Wave Energy -STATE OF THE ART, ASSESSMENT AND MITIGATION OF NON-TECHNOLOGICAL BARRIERS

STATE OF THE ART, ASSESSMENT AND MITIGATION OF NON-TECHNOLOGICAL BARRIERS

4.1. State of the art

Ocean Energy, and in particular wave energy, extraction has captured the interest and imagination of inventors and engineers in the same way early flight and cotton manufacturing did in the last century. Perhaps, now that it is a media discussed topic connected to climate change and security of supply issues, even more so.

Unfortunately, but not unexpectedly, most of the schemes and designs will not advance beyond the drawing board and concept validation phase. Impartial, balanced and equitable due diligence to evaluate the potential of such devices is important, even essential, if the limited commercial resources available to wave energy convertor (WEC) development are to be used efficiently. To advance, the wave energy industry will require focused effort and support for the current vanguard SME’s who have proven they have machines that possess a chance of success and continued operation in the harsh environment these units must reside in.

Over recent years there have been several European and national reviews of the range of wave energy (and tidal energy) devices being investigated at any particular point in time. Reference to them shows how the interest changes from one period to another, despite the belief in each unit at the time. Unlike the wind industry, which quite quickly converged on one model of air turbine, the horizontal axis type, there is no single unit, or even generic type, of WEC that is proving more successful than another. This statement, however, requires clarification, since it depends on how the machines are classified. Most rely on the physics of two inertial masses reacting against each other in such a way that power can be generated between the opposing forces. It is actually only the size, shape, colour and components that differ. This is even the case if one of the inertial masses is fixed, usually to the seabed.

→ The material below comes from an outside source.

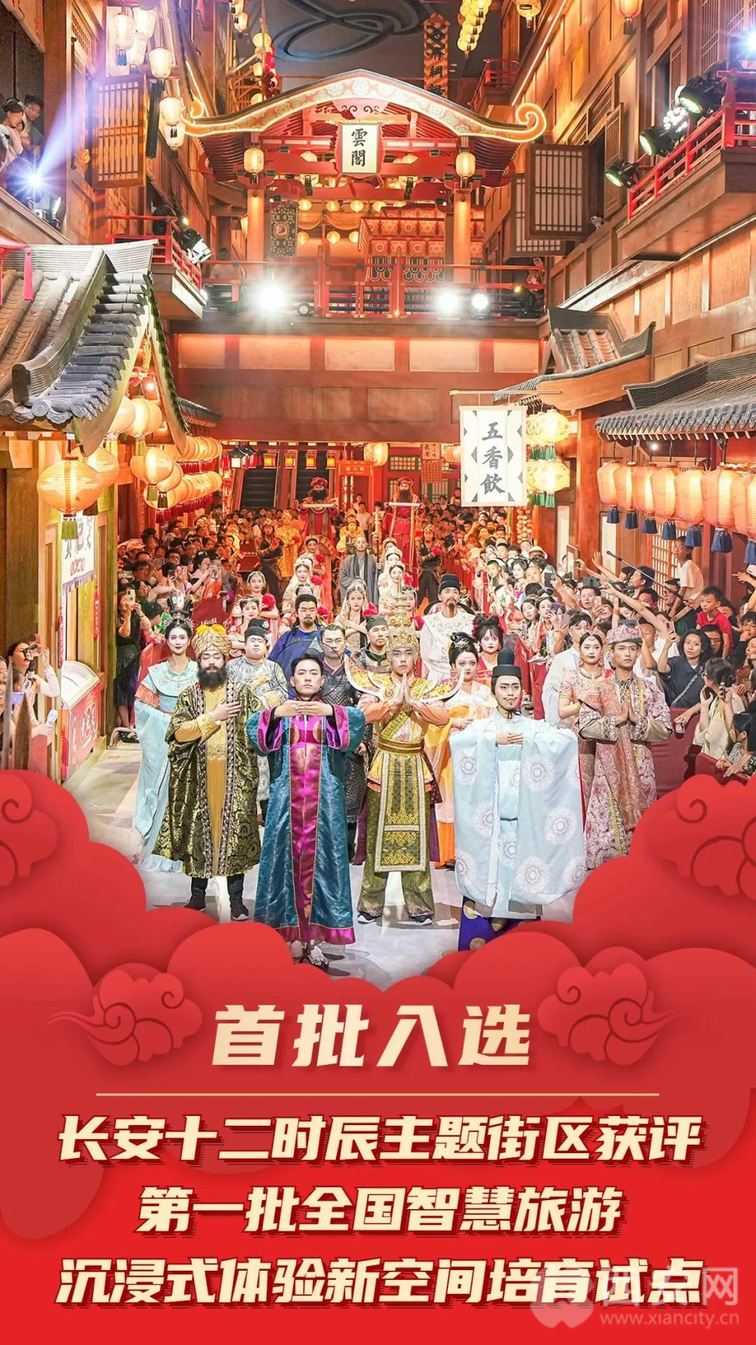 作为全国首批智慧旅游沉浸式体验新空间培育试点之一,长安十二时辰主题街区依托2.4万平方米的商业空间,结合电视剧《长安十二时辰》IP与唐文化内容,构建了一个集全唐空间游玩、唐风市井体验、主题沉浸互动、唐乐歌舞演艺、文化社交休闲等为一体的全唐场景空间。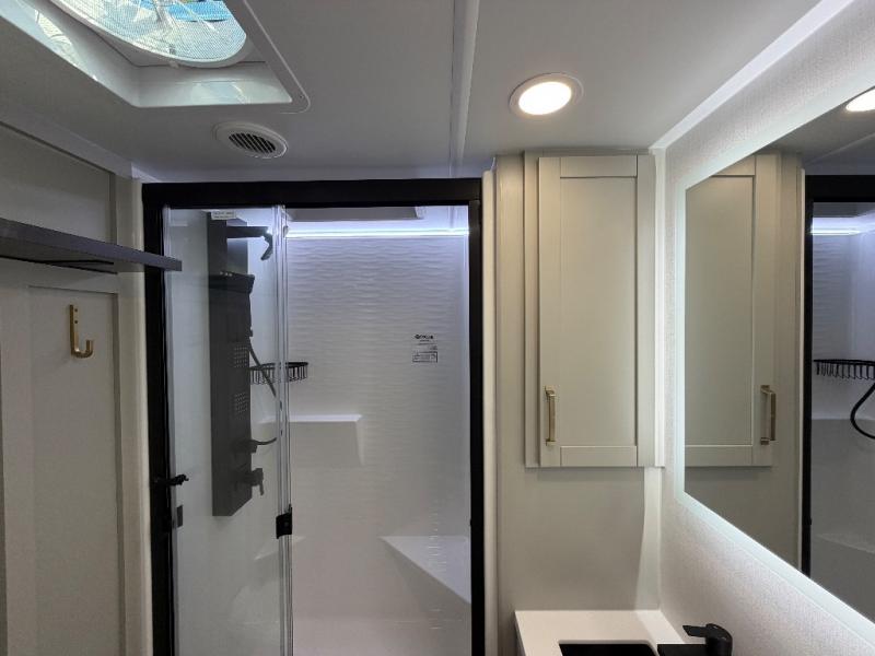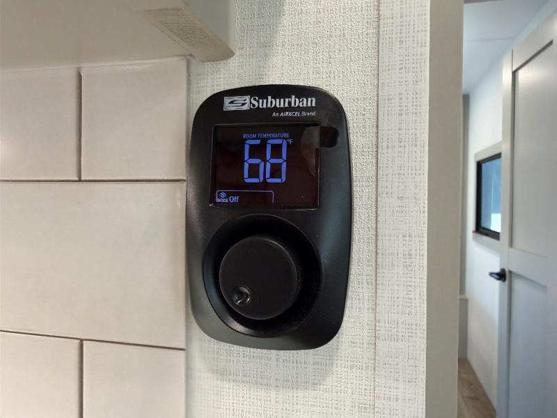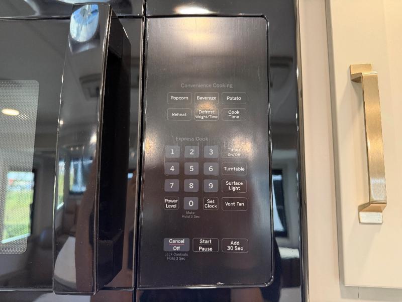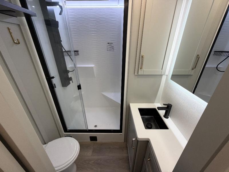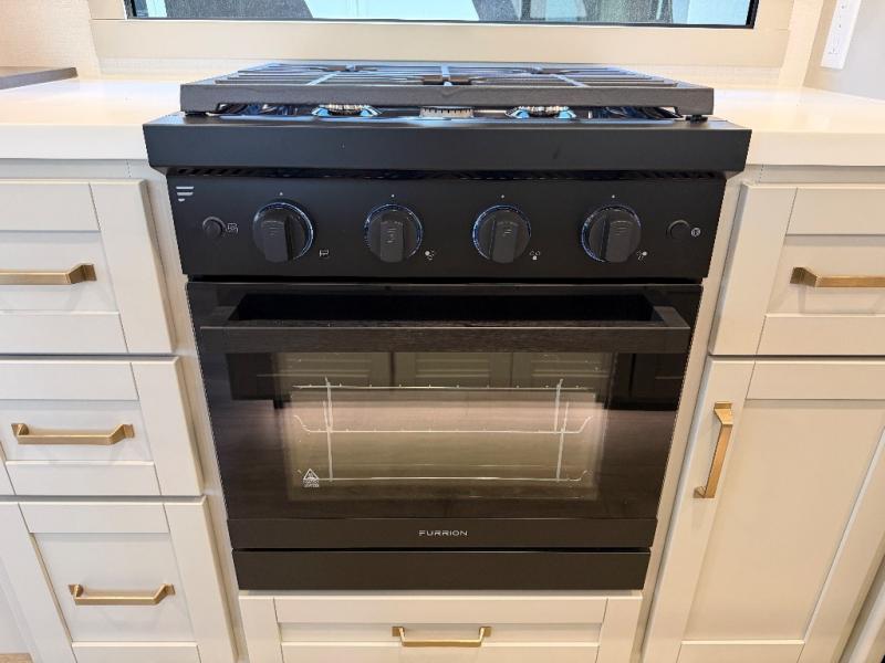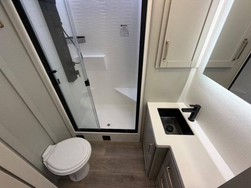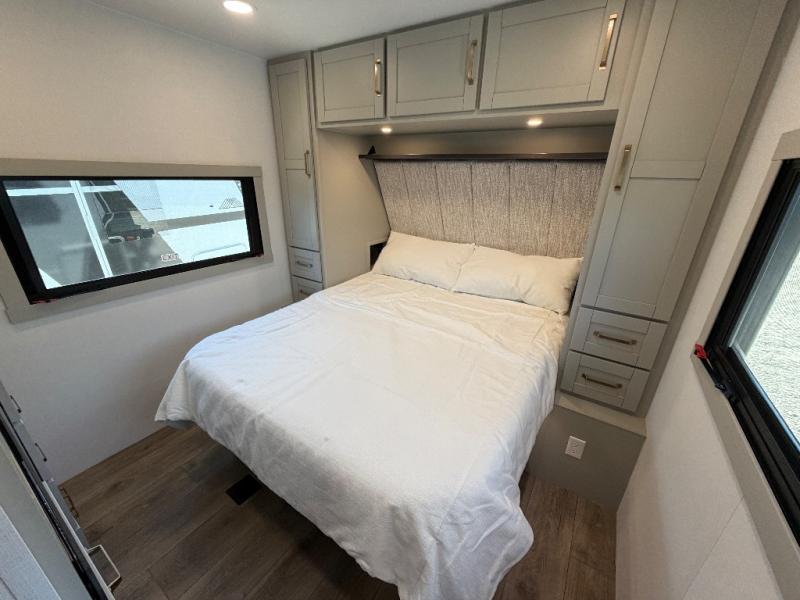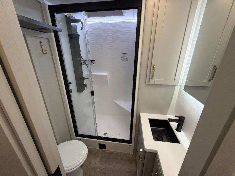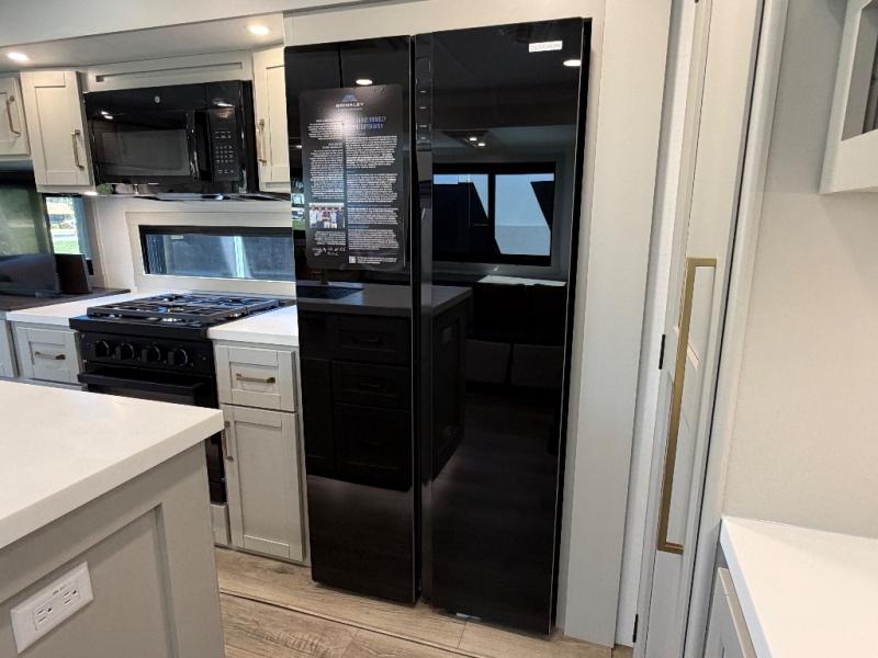 This travel trailer is spacious thanks to the dual opposing slides in the combined kitchen and living area. There is a rear 72" tri-fold sofa here, theater seating, and a sliding desk/dining table. The televator and fireplace will let you relax each evening with a movie or good book, and the full kitchen lets you make meals wherever you go. The chef of your group will also appreciate the pantry with adjustable shelving for all their ingredients, a hutch, 30" residential microwave, and even a pull-out trash bin for easy clean-up. When you're ready to call it a night, the front private bedroom will be waiting for you. This room includes a queen bed with four underbed drawers, a closet with pass-thru access to the bathroom closet, plus washer and dryer prep if you want the option to go full-time!

The power take-off utilising the imbalance between the masses is a variable but to date only six options exist:

• Air turbines (Figure 1.1)

• Close circuit oil hydraulics (Figure 1.2)

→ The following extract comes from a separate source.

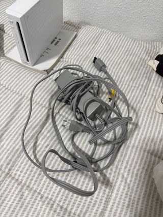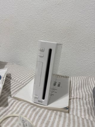 Consola Nintendo Wii en color blanco, lista para horas de diversión. - Incluye mando Wii Remote. - Incluye cables de conexión y adaptador de corriente. - Soporte vertical para la consola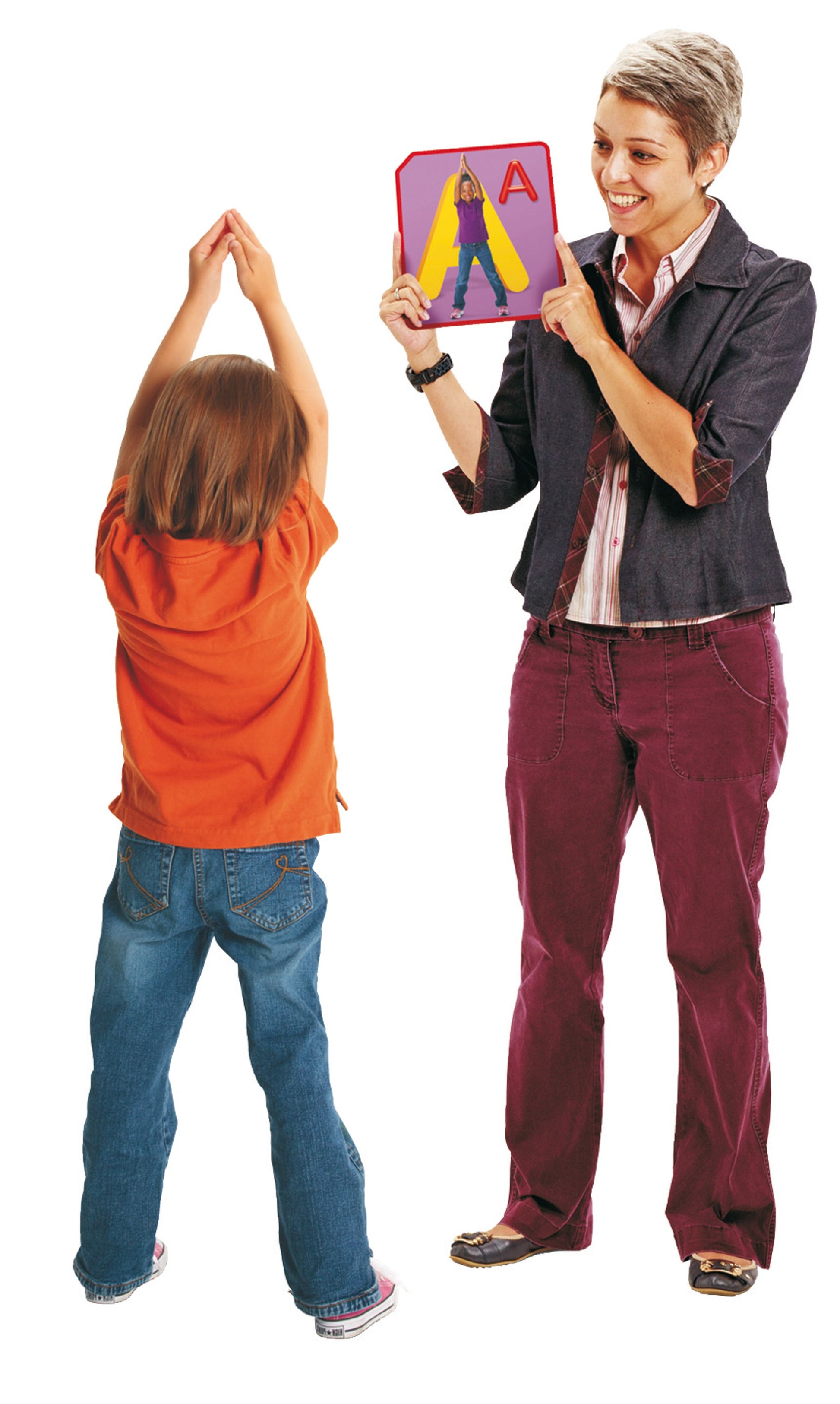L'approche kinesthésique au service de la littéracie. Les élèves reproduisent les poses illustrés sur chaque grande carte alphabétique ou s'amusent à faire des jeux de mots en groupe. Jeu de 48 cartes de 23,5 x 21 cm à code couleur, pour séparer les consonnes et les voyelles.

• Direct (linear generator) drive (Figure 1.3)

• Low head water turbine (Figure 1.4)

• Water Pump (Figure 1.5)

• Open circuit water hydraulics (e.g. Hose Pump) (Figure 1.6)

There is a higher potential for variation in the mooring arrangement and it is possible that non-conventional type anchorage systems will suit some, or all, of the prototype devices. It is also probable that different configurations will match individual buoyant wave energy devices.

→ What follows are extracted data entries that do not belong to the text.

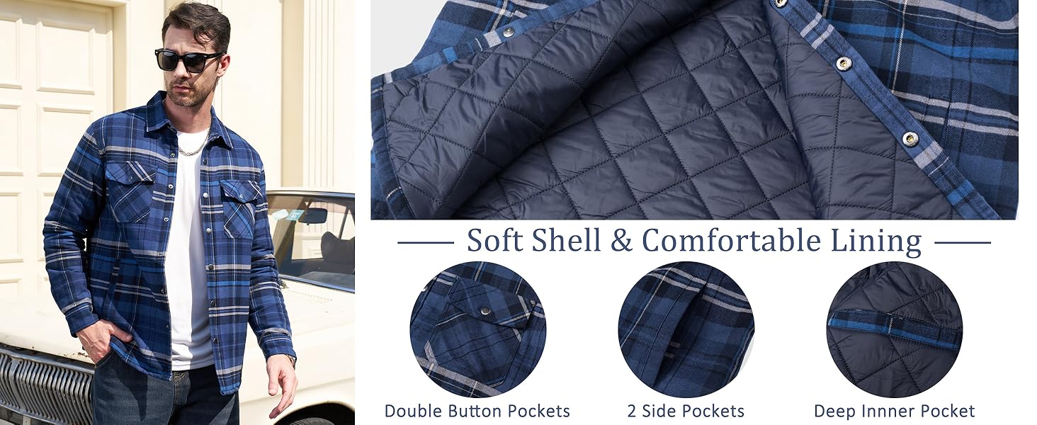 - 5 Pockets: 2 side pockets, 2 chest pockets and 1 inside pocket, which can keep your cell phone, keys and small essentials within reach of this quilted flannel shirt.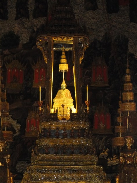 Following the destruction of the great 14th century Thai capital of Ayutthaya in 1782 at the hands of the Burmese, the founder of the Chakri dynasty, Rama I, moved the capital 40 miles south and established Bangkok. King Rama I literally had the course of the Chao Phraya River altered along with the construction of numerous canals to surround the new capital with a watery moat. That same year, he began the construction of the half square mile Grand Palace complex on the river’s bank. At the center of the complex is Wat Phra Kaeo, the Temple of the Emerald Buddha (actually solid jade and robed in rich garments that change with the seasons. The Emerald Buddha itself was a prize of war from present day Laos centuries ago.)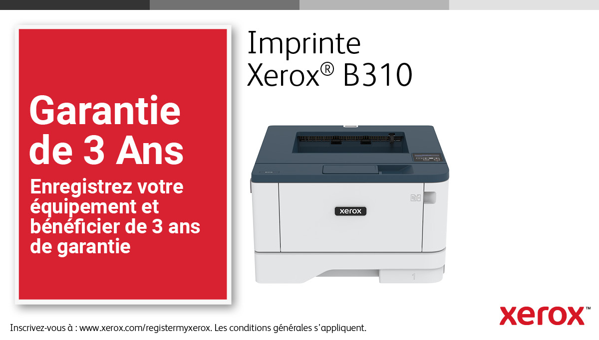 L’imprimante Xerox® B310 est une imprimante noir et blanc compacte, idéale pour les équipes de production et les bureaux à domicile. Facile à configurer avec le logiciel Xerox® Smart Start et prête à travailler directement dès que vous la déballez. L’imprimante B310 inclut des fonctionnalités sans fil intégrées avec Wi-Fi Direct et une interface facile à utiliser. Conçue pour les petites et moyennes entreprises et les bureaux à domicile dotés de fonctions telles que l’impression recto verso automatique sur papier format Letter et Legal, la capacité papier standard de 250 feuilles, un processeur double cœur de 1 GHz avec 256 Mo de mémoire et des volumes d’impression mensuels jusqu’à 8 000 pages, l’imprimante B310 est un appareil fiable. Avec sa certification EPEAT, le produit respecte tous les critères en matière de conception, production, rendement énergétique et recyclage. Notre programme de recyclage des consommables Xerox vous permet de recycler les cartouches de toner sans tracas.

This report will therefore not attempt to classify the different devices described in the Appendices but rather regard then all as similar units capable of wave energy conversion. In addition, since the document is charged with describing the current state of the art with regard to wave energy extraction it will not be simply a list of ephemeral devices currently being proposed and investigated at various stages of their development. Rather, a set of criteria was agreed by which a device would qualify for inclusion in the review.

The rationale placed on the study was to identify units with a real potential for preproduction activity in the near future. After informed discussion between the Waveplam partners the two primary requirements for qualifications to the first group were:

• The device had to have achieved sea trials, at least at a large scale (circa λ > 1:4)

• The company must have followed and exhibited evidence of a structured development programme prior to sea deployment.

Depending on the stage of development, a follow up group are also reported based on adherence to the second specification. As can be seen from the information sheets in the Appendix some flexibility was necessary for almost all devices and the caveat relaxed. It is expected that this document will be updated over the duration of the Waveplam project but the same qualifying criteria will still be applied.

The first condition was easy to observe and verify. For the second the soon to be introduced International Energy Agency ~ Ocean Energy Systems (IEA-OES) Development & Evaluation Protocol was employed.

The purpose of this review is to provide technical information that should assist policy makers, investors, project developers and other interested stakeholders to make informed decisions regarding the scheduling of wave power into future energy plans and portfolios. Many estimates have already been declared in a variety of prediction documents but they are usually based on energy market forces rather than technology readiness assessment (TRA) of the devices.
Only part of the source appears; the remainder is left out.